Using the TCPDump Adapter from MyPeek, one of our SE’s at WildPackets was able to connect to his iPhone as a remote adapter from OmniPeek, and stream packets from his iPhone directly into a real-time OmniPeek capture window.
Although this is not a recommended practice and certainly not supported by WildPackets, because it requires jailbreaking the iPhone which can void the warranty, it does provide yet another powerful example of the visibility and reach that OmniPeek can have into your network through the extensibility of OmniPeek, and the many remote adapter plug-ins available on the MyPeek website.
In this case, it was the almightly TCPDump Adapter that made this hack possible, along with the fact that all of the programs required for the TCPDump Adapter to work are already available (and free) for the iPhone. The TCPDump Adapter for OmniPeek works by using an ssh connection to a remote host (the iPhone) to run tcpdump and stream the packets back to OmniPeek. In general, this turns every linux box on your network, and the internet for that matter, into a remote probe, giving you unprecedented visibility.
So, how did he do it? The main trick here, and deterrent for most folks, is jailbreaking the iPhone. There are lots of sites already out there which provide guides and software to do this, so we will not go over that here. Beware though, many of these sites are black listed, and if allowed will download viruses and/or malware to your computer. I know a little but about this because I was thinking about hacking my own iPhone, but chickened out after doing a little research and coming across many sites that my web browser said had been blacklisted.

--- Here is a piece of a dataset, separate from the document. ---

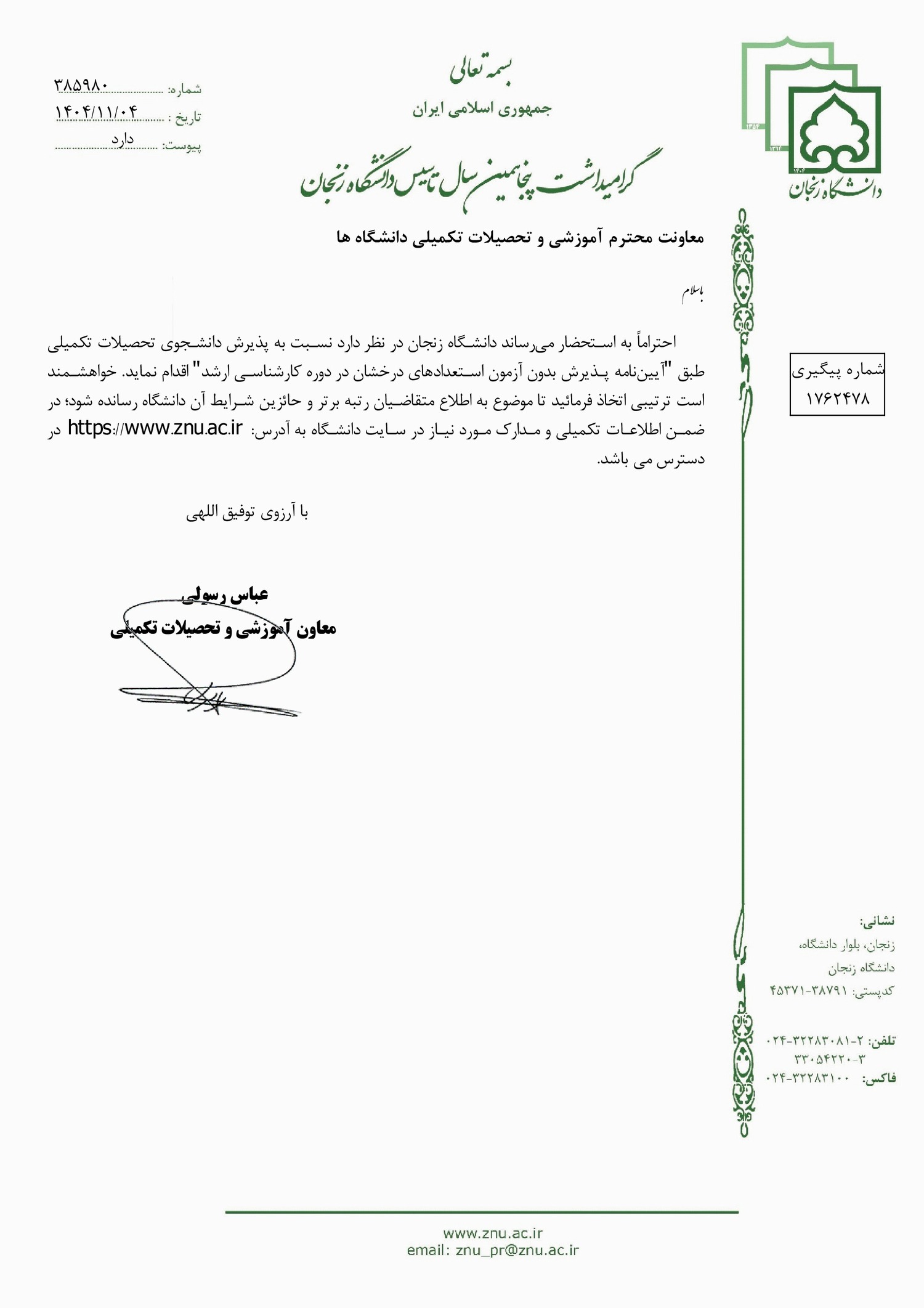 - تمدید فراخوان پذیرش بدون آزمون مقطع کارشناسی ارشد دانشگاه زنجان برای سال تحصیلی ۰۶-۱۴۰۵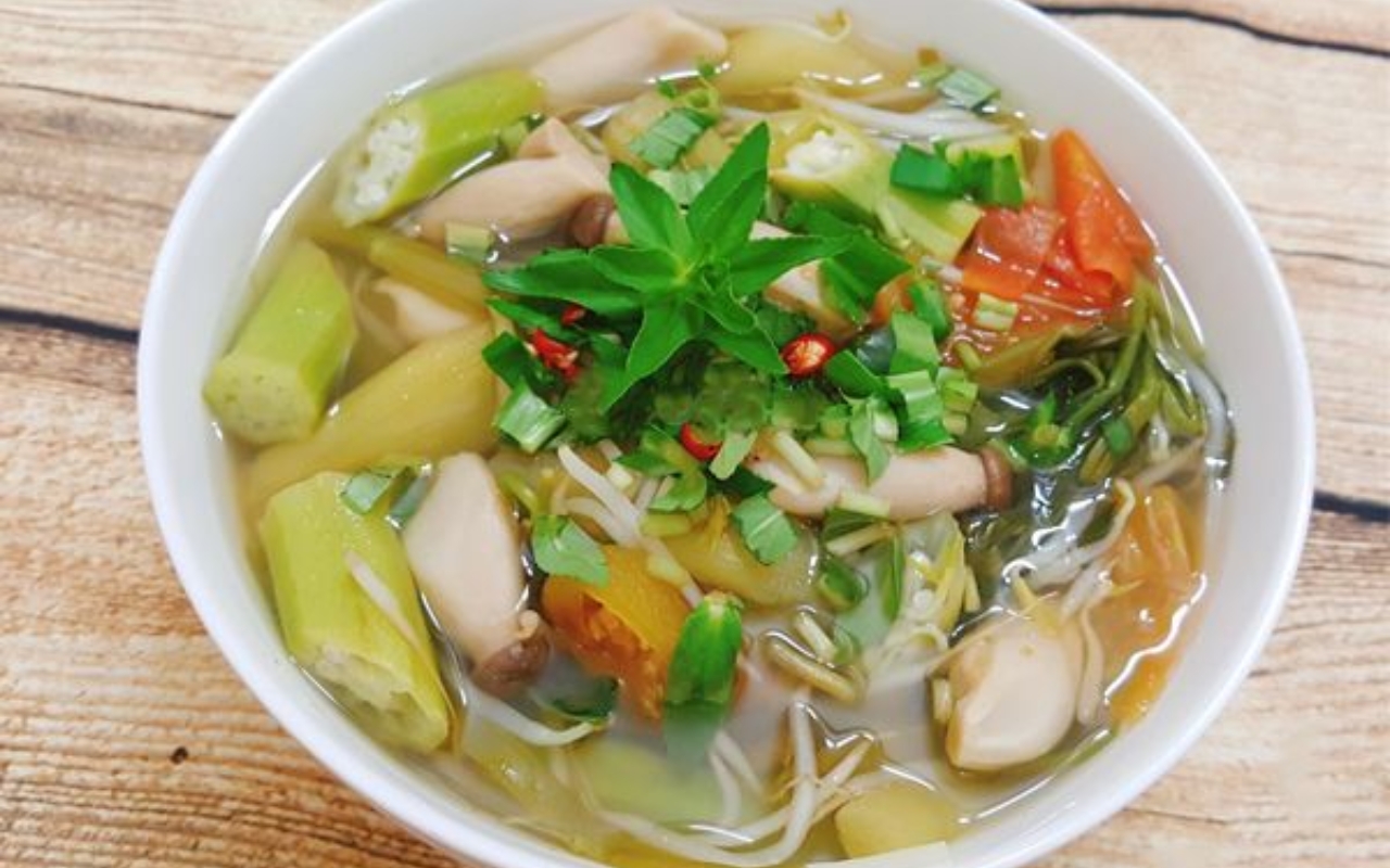 Canh chua chay là món ăn thanh mát và dễ làm, đặc biệt phù hợp trong những bữa tiệc vào mùa hè. Với các nguyên liệu như cà chua, dứa, đậu hũ, nấm và rau thơm, món canh này mang đến sự kết hợp hoàn hảo giữa vị chua thanh mát và vị ngọt của rau củ. Món canh này sẽ làm dịu bớt sự nặng nề của các món ăn khác trong bữa tiệc.

Having said that, a lot of people have hacked their iPhones, and at some point, when I understand enough about it, I probably will too. So let’s say you have successfully performed the jailbreak on your iPhone, or are going to do so. Once this is done, you will need to set a root password on the iPhone, configure ssh, and install tcpdump. That’s it for the iPhone, but then again, these things may be easier said then done.
On the OmniPeek side, it is very easy. Just install the TCPDump Adapter, create a capture, and in the Adapters Tab of the Capture Options Dialog, create a new entry in the Remote TCPDump Adapter group, specifying the IP address of the iPhone. Once you hit OK on this new entry, you should see the list of interfaces for the iPhone. Per our crafty SE, you should choose the en0 interface, right click on it, bringing up the Interface Properties dialog, and enable the option “Limit each packet to 1500 bytes”. This is illustrated in the screenshot below:
Next, select the en0 entry as the adapter, and hit Start Capture. Below is a screenshot showing pings being sent to the iPhone, captured by the iPhone by TCMPDump, sent back to OmniPeek, analyzed and displayed:
And there you have it, our first cool IT hack for ’09. So what’s next? I think there might be a way to capture bluetooth packets in Omnipeek. Not sure, but I am going to look into it.